Update, masonry guys laid the block foundation - I paid him half $600 (for whats pictured) and hes suppose to return next week to lay the stone...

Just curious hoe difficult is it to lay the stone and what is needed to cut it to fit...


----------



## Tscarborough (Mar 31, 2006)

Difficult for ME, or difficult for YOU? It is simple for me, and may be for you. How are you at jigsaw puzzles, because you don't really want to cut any if possible (although it is easy to cut).


----------



## jaysen (Mar 11, 2008)

I'm pretty good at jigsaw puzzles - I was most likely (if I took it upon myself to do) going to lay the pieces prior and play with them before slapping them on. Again, if I were to do this myself - I go from left to right, top to bottom, any other pointers ? tips ? etc... Here is the manuf website with video on how to lay the stone - http://www.eldoradostone.com/flashsite/main.html?gclid=COXuysqcl5MCFQcziQodBDxCxQ 

One question is what are the procedures for laying stone on concrete like mine. The video displays using on wood/mesh... do I use the same procedures i.e covering concrete with mortar and using comb, allow to dry, then place stone... 

THanks.


----------



## Tscarborough (Mar 31, 2006)

No, you can stick them on directly with either mortar or thinset. I prefer thinset for high activity areas like that one.


----------



## jaysen (Mar 11, 2008)

Cool, thanks.

Now what about the gaps (grout area) would I fill that with thinset as well ? The video said ideally 1/2" to 1" grout but never said anything about filling it.
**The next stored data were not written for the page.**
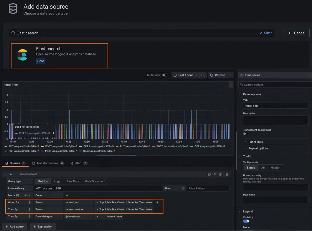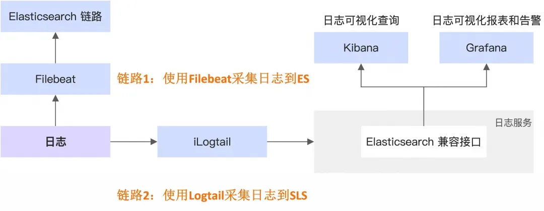 为了最大程度降低开源自建用户迁移 SLS 后的学习成本,针对习惯于使用 Grafana 分析日志数据,但需要将 ELK 系统迁移到 SLS 的用户,日志服务提供了兼容 Elasticsearch 的接口,便于他们使用 Grafana 的 Elasticsearch 数据源插件访问日志服务进行查询和分析。另外,日志服务也提供了原生的 Grafana 数据源插件。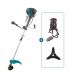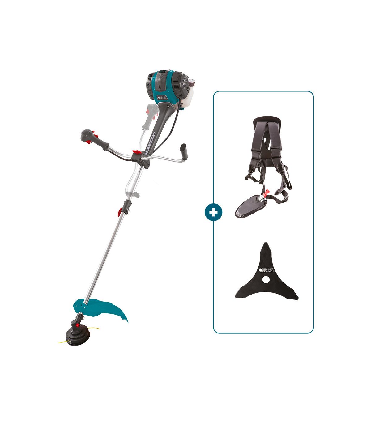 Elle est livrée avec un **harnais dorsal rembourré** très confortable qui supporte le poids de la machine (environ 8-9 kg) sur les épaules, ainsi qu'une tête **Tap&Go** (fil) et une lame en acier forgé 3 dents pour les ronces et broussailles.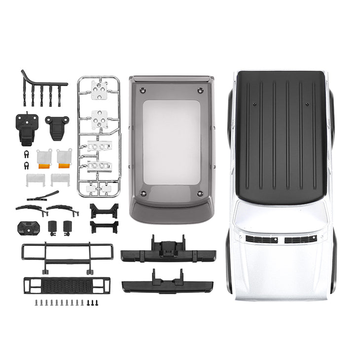 - Includes grille, side mirrors, door handles, fender flares, windshield wipers, spare tire mount, front rear bumpers, clipless mounting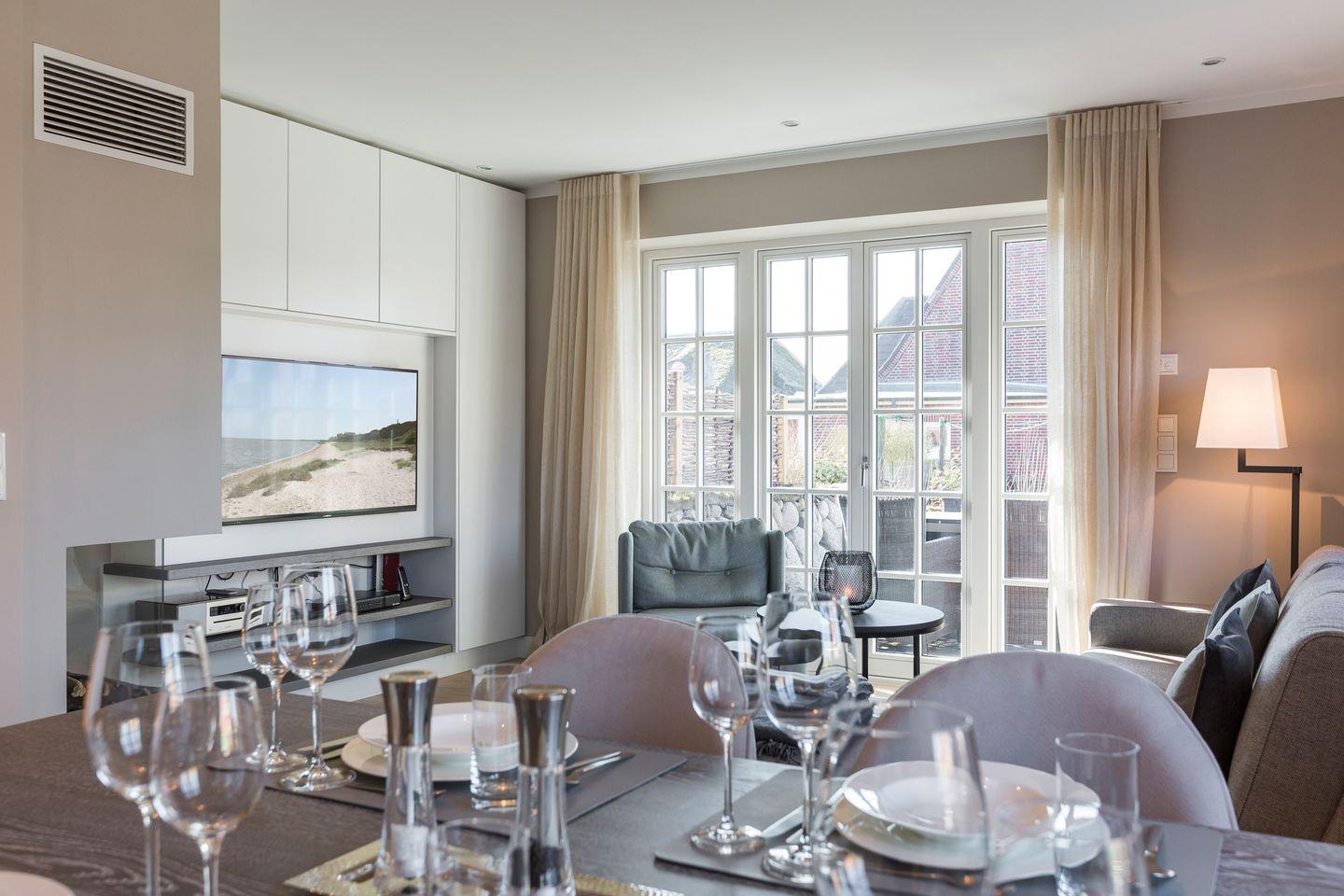 Erdgeschoss: Wohn- und Esszimmer mit Gaskamin, Flatscreen-TV, Blu-Ray-Player, WLAN, Sonoro Hifi-Anlage, integrierte Küchenzeile mit Induktionsherd, Geschirrspüler, kombinierte Mikrowelle/Backofen, Gäste-WC, Westterrasse mit Gartenmöbeln und Strandkorb.
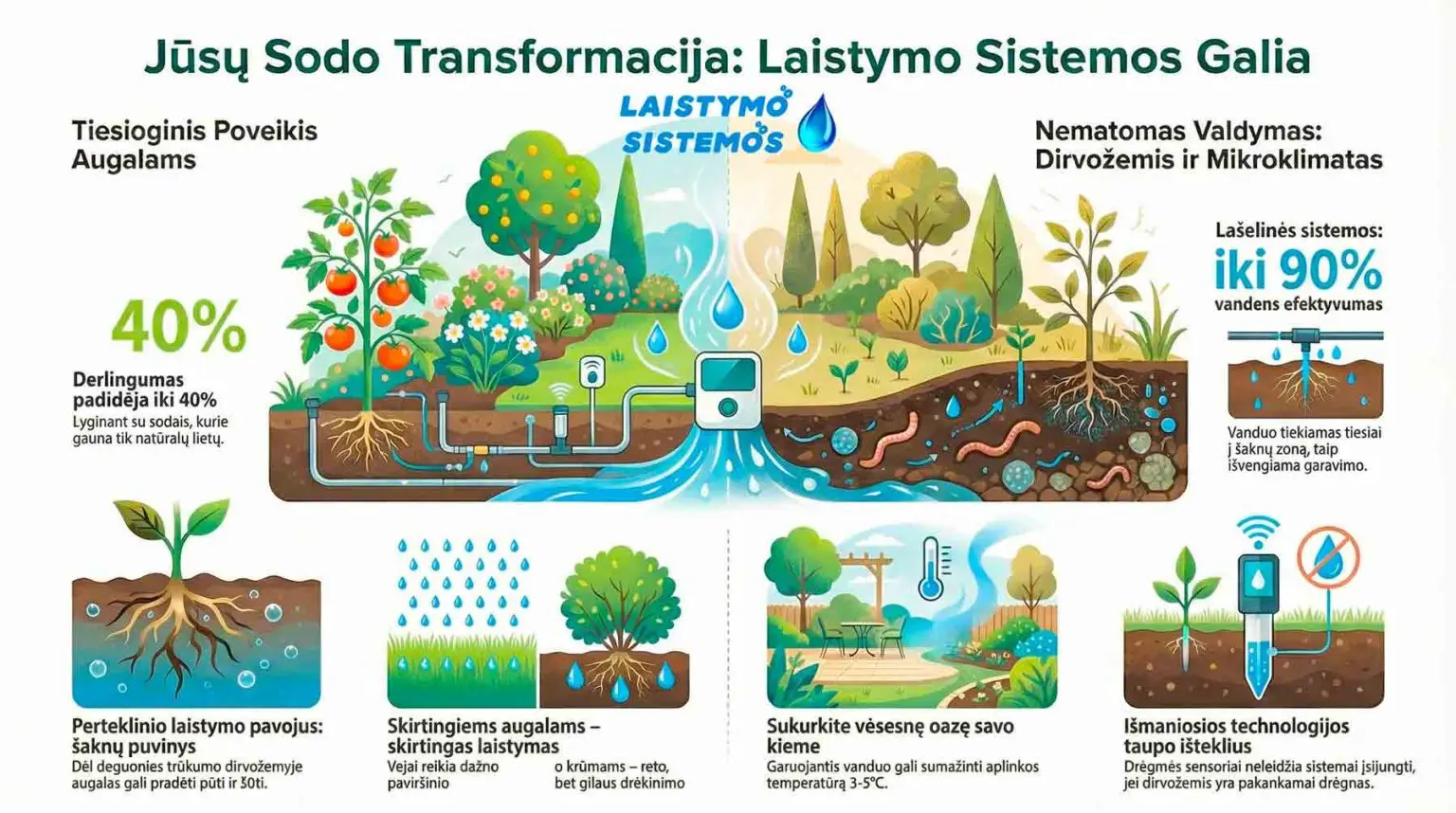 Norint, kad sodas klestėtų, nepakanka tiesiog įjungti vandenį. Reikia žinoti, kaip tai daryti išmaniai. Šiuolaikinės technologijos leidžia pasiekti, kad laistymo sistemos veiktų beveik be žmogaus įsikišimo, tačiau duotų maksimalią naudą. Čia svarbiausia yra balansas tarp resursų taupymo ir augalų poreikių tenkinimo.

I'm only worried once I set the stone and malet it in place some spots you will be able to see the cinder block form....


----------



## so-elitecrete (Oct 27, 2007)

we use a mason's bag ( much like cake decorator's )


----------



## Tscarborough (Mar 31, 2006)

To grout the joints do NOT use thinset, just regular old bagged mortar and the grout bag. Edit, also remember than on the curved surface, you should basically butt the stones and that will give you the 3/8 to 3/4" joint that you want.


----------



## so-elitecrete (Oct 27, 2007)

thanks, scar,,, sometimes i forget the obvious.


----------